株、投信はもちろん、FX、金、不動産、いろんなものに手を出しました。
20代からの長期で投資したインデックス投信の利益を、その他の短、中期の投資で吹き飛ばすという感じでしょうか。
20年間の損益を計算したことはないのですが、感覚的にトントンです。つまり時間の分だけ大きな損失ですね。

この本は、いままでの投資での成功、失敗を科学者的かつ金融工学最先端の投資銀行勤務の見地から説明してくれました。いままでたくさんの投資の本を読みましたが、この本が一番腑に落ちました。

そして、投資で負けない方法が書いてあります。

株で100%絶対に負けない方法です。
もったいなくて言えないのですが、言います。

「投資しない」です。投資しなければ負けません。

これを軽快なタッチで、身も蓋もない論理的な説明ズバリと書いてあります。

投資をしたい、始めたい、または、うまくいかなくて、悩んでいる。そういう人におすすめです。
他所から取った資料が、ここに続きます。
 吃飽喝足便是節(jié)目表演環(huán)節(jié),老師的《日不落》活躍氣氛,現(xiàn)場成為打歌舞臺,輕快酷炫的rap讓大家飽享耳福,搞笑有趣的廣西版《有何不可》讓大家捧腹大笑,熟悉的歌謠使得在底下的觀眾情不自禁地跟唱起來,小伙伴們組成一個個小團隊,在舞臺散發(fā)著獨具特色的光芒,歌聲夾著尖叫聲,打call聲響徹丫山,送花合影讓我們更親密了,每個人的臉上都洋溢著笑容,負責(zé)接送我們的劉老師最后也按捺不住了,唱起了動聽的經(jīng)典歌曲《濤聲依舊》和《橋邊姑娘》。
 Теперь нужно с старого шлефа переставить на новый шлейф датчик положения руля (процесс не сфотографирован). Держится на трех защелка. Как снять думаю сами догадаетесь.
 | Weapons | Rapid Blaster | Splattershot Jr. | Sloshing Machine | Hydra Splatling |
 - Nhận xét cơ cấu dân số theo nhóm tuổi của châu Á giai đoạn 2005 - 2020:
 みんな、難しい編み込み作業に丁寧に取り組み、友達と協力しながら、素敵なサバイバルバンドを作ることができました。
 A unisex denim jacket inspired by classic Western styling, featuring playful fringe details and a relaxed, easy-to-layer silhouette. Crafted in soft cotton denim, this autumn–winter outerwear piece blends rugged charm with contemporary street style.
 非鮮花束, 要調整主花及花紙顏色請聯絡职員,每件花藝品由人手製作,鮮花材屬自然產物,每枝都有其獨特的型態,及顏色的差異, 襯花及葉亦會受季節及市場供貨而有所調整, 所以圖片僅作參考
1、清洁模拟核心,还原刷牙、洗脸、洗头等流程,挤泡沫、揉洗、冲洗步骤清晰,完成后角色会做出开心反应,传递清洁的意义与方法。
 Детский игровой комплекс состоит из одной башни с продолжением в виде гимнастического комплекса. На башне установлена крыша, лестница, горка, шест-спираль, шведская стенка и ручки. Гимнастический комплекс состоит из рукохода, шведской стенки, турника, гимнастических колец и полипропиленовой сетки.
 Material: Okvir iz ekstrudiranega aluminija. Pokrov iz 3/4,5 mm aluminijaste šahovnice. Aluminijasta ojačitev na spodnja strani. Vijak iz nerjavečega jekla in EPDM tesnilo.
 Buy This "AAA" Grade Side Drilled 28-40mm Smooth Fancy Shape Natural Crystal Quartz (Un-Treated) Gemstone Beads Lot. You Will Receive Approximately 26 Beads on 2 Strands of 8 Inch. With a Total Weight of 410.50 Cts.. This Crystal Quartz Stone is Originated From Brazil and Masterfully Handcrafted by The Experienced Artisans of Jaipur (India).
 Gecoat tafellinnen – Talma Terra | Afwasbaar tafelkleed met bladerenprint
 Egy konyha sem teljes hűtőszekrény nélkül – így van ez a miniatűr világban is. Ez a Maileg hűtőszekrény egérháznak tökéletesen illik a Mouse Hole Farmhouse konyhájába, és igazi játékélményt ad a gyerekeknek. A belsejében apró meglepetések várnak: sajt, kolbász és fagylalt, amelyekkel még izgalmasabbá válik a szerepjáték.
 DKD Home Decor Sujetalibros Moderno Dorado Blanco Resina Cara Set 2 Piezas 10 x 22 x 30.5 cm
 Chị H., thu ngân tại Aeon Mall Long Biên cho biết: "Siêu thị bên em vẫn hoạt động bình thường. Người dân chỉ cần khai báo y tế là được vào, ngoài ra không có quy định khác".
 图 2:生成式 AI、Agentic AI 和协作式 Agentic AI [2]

私は、子供達が投資をしたいと言ったら、まず読ませる我が家必読本とします。

–この読書感想文の読み方–

本の中から、気になった言葉(文章)を引用しています。「 」の部分です。本を純粋に楽しみたい方は、ここを読まずに本を入手されてください。
「→」は、私の感想です。

読んだ人によってそれぞれ心に刺さるポイント、文章が違うと思います。
読んで見たいと思ったら、実際に読んで、再びこの文を読んでいただき、
私の着眼点との相違を楽しんでもらえれば幸いです。

そして、あなたの新しい発見や問題の解決のヒントになったら嬉しいです。

–スタート–

「市場でたまたまついている価格が、あなたの計算した真の価値より高ければ売って、安ければ買えばいいだけです。投資とはこのように非常にシンプルなものなのです。」

「素人トレーダーは、株と言う名前の紙切れをどこかの馬鹿が次はいくらで買うのかと言うたった1つの数字を予想すればいいのです。ところがファイナンス理論を勉強してしまったばっかりに、予測するのが絶望的に難しいパラメーターをたくさん計算しなければ、どこの馬鹿が次はいくら買うのかと言うたった1つの数字を決められなくなってしまったのです。」

「市場原理を18世紀の経済学者アダムスミスは「神の見えざる手」と表現しました。人々が自らの利益のために自由な市場の中で競争すれば、結果的に社会全体が豊かになっていくと言う考え方の正しさは、今も全く変わっていません。
市場原理は全員に競争を強いる弱肉強食的な面もありますが、結果的には人に最も優しい仕組みなのです。なぜならば、市場原理のもとでの競争と言うのは「他者に必要なものを提供して、どれだけ他者を幸せにできるか」と言う競争だからです。」

「このような市場の仕組みの中で、プロ同士が知恵を絞って壮絶な競争をくり広ける結果、株価は常に割高とも、割安とも言えない、絶妙な範囲のところでいつも決まっています。株価はこのような常に「正しい価格」で取引されている状態を、ファイナンス用語で効率的といいます。」

「投資のプロが、マネーゲームでライバルを出し抜いて大儲けしようと、市場で日夜活動しているからこそ、すべての会社に正しい値段がつくわけです。その結果、国民のニーズをうまく満たせる、つまり国民を幸せにできる会社に高い株価がつき、そういった会社は株式市場から資金を調達しやすくなるのでより成長していくことができます。逆に経営者が無能で、資源を無駄遣いしたりして高コストな国民のニーズにを満たすのが下手な会社は株価が低迷して、資金を調達しにくくなります。そして、最後には市場から退場させられます。活発なマネーゲームをかけて、正しい企業に正しく資金が供給され、社会全体が楽しく発展していくのです。」

→この文がこの本の真髄だと私は思います。そして、私の解釈はこうです。
世界の一流の頭脳を持つトップレベルの投資のプロ中のプロが、莫大な資金とともに、あらゆるツールを使って、24時間、365日、儲かる銘柄を探しているので、割安、割高銘柄は、瞬時に探し出され、適正価格に導かれます。つまり、その後の上がるか下がるかの要素は、表と裏を当てるコイントス、運というわけです。公的に当たる確率や還元率を制御されている、公営ギャンブルや宝くじよりは、いいけど、やはりギャンブル、楽しむならいいけど、そうでないなら、やらないことという結論でした。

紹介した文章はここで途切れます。